What is needed:
In your copy, include every line of the listing below exactly but none of the pictures.

Supplied material:
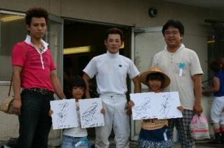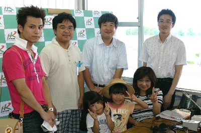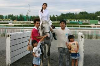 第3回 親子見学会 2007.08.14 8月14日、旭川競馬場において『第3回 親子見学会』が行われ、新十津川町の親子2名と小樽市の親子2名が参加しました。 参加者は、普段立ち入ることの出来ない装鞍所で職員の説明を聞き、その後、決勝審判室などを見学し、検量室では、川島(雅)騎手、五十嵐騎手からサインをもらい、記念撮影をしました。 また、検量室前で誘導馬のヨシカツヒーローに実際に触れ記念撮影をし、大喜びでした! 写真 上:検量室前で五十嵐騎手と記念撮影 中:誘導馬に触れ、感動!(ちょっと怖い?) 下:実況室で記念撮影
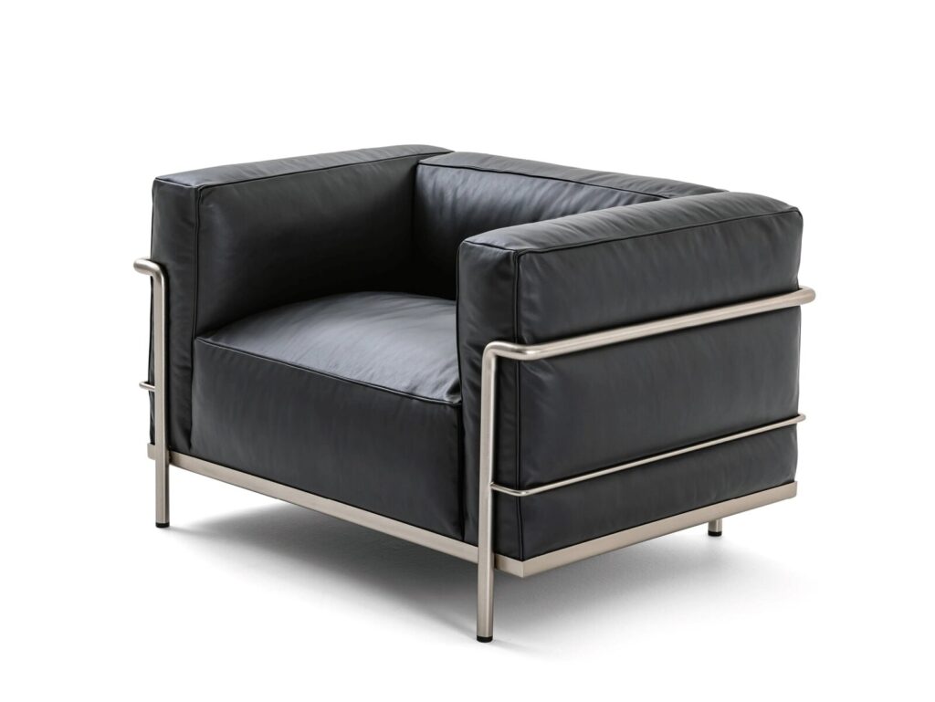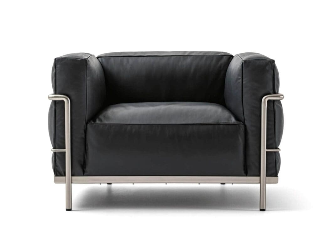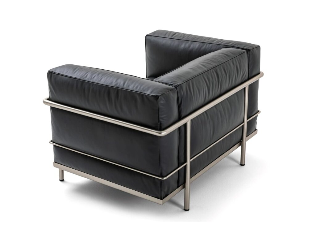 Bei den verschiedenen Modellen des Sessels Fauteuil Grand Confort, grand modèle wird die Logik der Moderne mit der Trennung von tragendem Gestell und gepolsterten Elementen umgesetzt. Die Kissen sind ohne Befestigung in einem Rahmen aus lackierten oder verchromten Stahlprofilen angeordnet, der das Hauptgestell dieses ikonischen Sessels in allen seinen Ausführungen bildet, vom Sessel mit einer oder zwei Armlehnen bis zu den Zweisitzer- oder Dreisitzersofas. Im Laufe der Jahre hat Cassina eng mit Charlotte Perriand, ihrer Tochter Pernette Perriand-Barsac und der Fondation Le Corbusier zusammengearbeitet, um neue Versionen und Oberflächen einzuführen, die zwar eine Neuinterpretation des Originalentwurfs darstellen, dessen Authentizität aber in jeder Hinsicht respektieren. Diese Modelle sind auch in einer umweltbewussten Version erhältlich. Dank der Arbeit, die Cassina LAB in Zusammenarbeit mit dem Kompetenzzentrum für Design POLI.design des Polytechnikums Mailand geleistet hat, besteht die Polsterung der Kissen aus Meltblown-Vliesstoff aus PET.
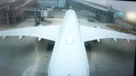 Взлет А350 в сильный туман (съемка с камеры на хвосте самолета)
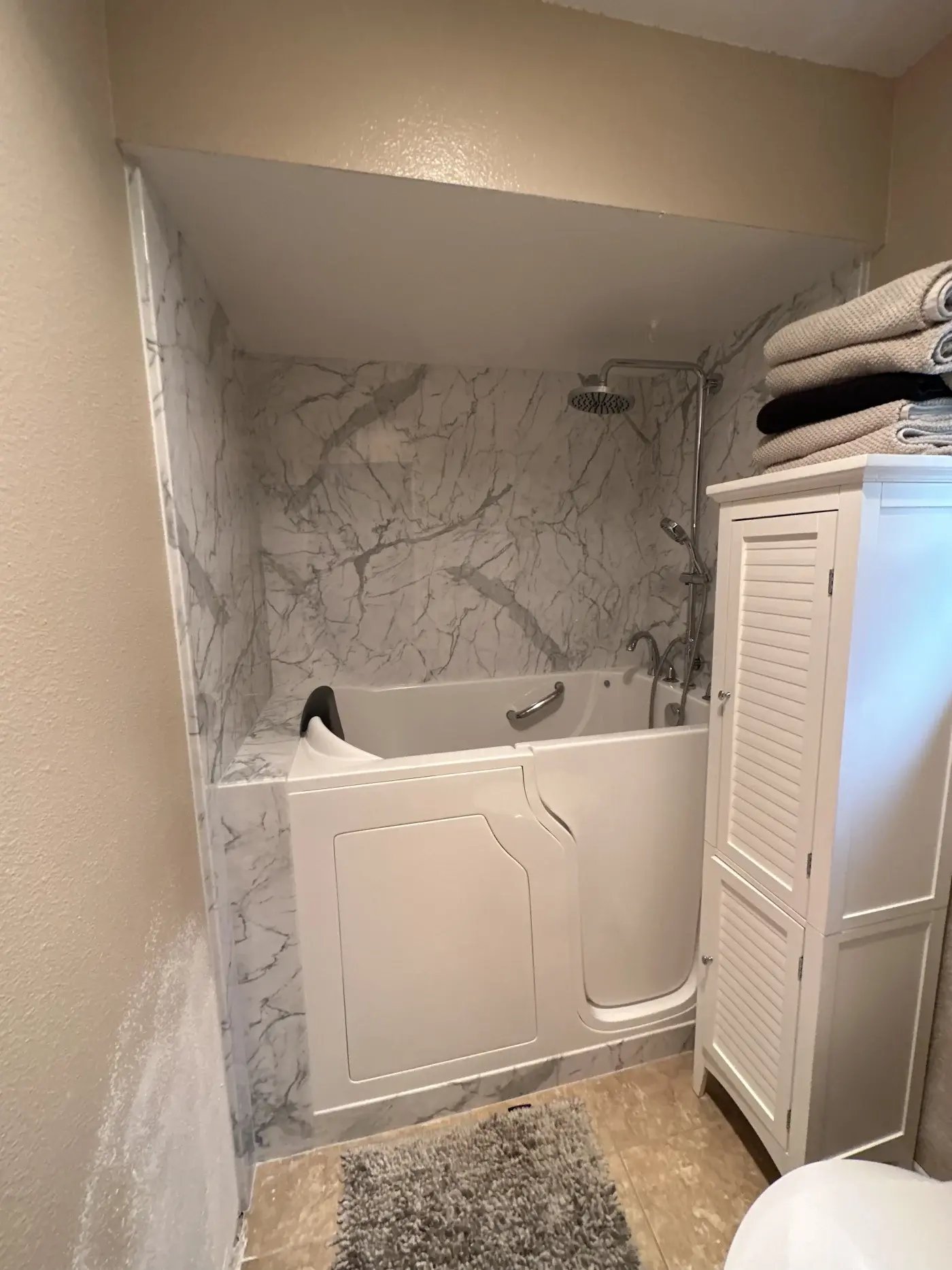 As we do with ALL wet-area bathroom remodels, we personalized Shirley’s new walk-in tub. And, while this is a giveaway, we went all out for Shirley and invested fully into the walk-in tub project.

Answer box:
 第3回 親子見学会 2007.08.14 8月14日、旭川競馬場において『第3回 親子見学会』が行われ、新十津川町の親子2名と小樽市の親子2名が参加しました。 参加者は、普段立ち入ることの出来ない装鞍所で職員の説明を聞き、その後、決勝審判室などを見学し、検量室では、川島(雅)騎手、五十嵐騎手からサインをもらい、記念撮影をしました。 また、検量室前で誘導馬のヨシカツヒーローに実際に触れ記念撮影をし、大喜びでした! 写真 上:検量室前で五十嵐騎手と記念撮影 中:誘導馬に触れ、感動!(ちょっと怖い?) 下:実況室で記念撮影
 Bei den verschiedenen Modellen des Sessels Fauteuil Grand Confort, grand modèle wird die Logik der Moderne mit der Trennung von tragendem Gestell und gepolsterten Elementen umgesetzt. Die Kissen sind ohne Befestigung in einem Rahmen aus lackierten oder verchromten Stahlprofilen angeordnet, der das Hauptgestell dieses ikonischen Sessels in allen seinen Ausführungen bildet, vom Sessel mit einer oder zwei Armlehnen bis zu den Zweisitzer- oder Dreisitzersofas. Im Laufe der Jahre hat Cassina eng mit Charlotte Perriand, ihrer Tochter Pernette Perriand-Barsac und der Fondation Le Corbusier zusammengearbeitet, um neue Versionen und Oberflächen einzuführen, die zwar eine Neuinterpretation des Originalentwurfs darstellen, dessen Authentizität aber in jeder Hinsicht respektieren. Diese Modelle sind auch in einer umweltbewussten Version erhältlich. Dank der Arbeit, die Cassina LAB in Zusammenarbeit mit dem Kompetenzzentrum für Design POLI.design des Polytechnikums Mailand geleistet hat, besteht die Polsterung der Kissen aus Meltblown-Vliesstoff aus PET.
 Взлет А350 в сильный туман (съемка с камеры на хвосте самолета)
 As we do with ALL wet-area bathroom remodels, we personalized Shirley’s new walk-in tub. And, while this is a giveaway, we went all out for Shirley and invested fully into the walk-in tub project.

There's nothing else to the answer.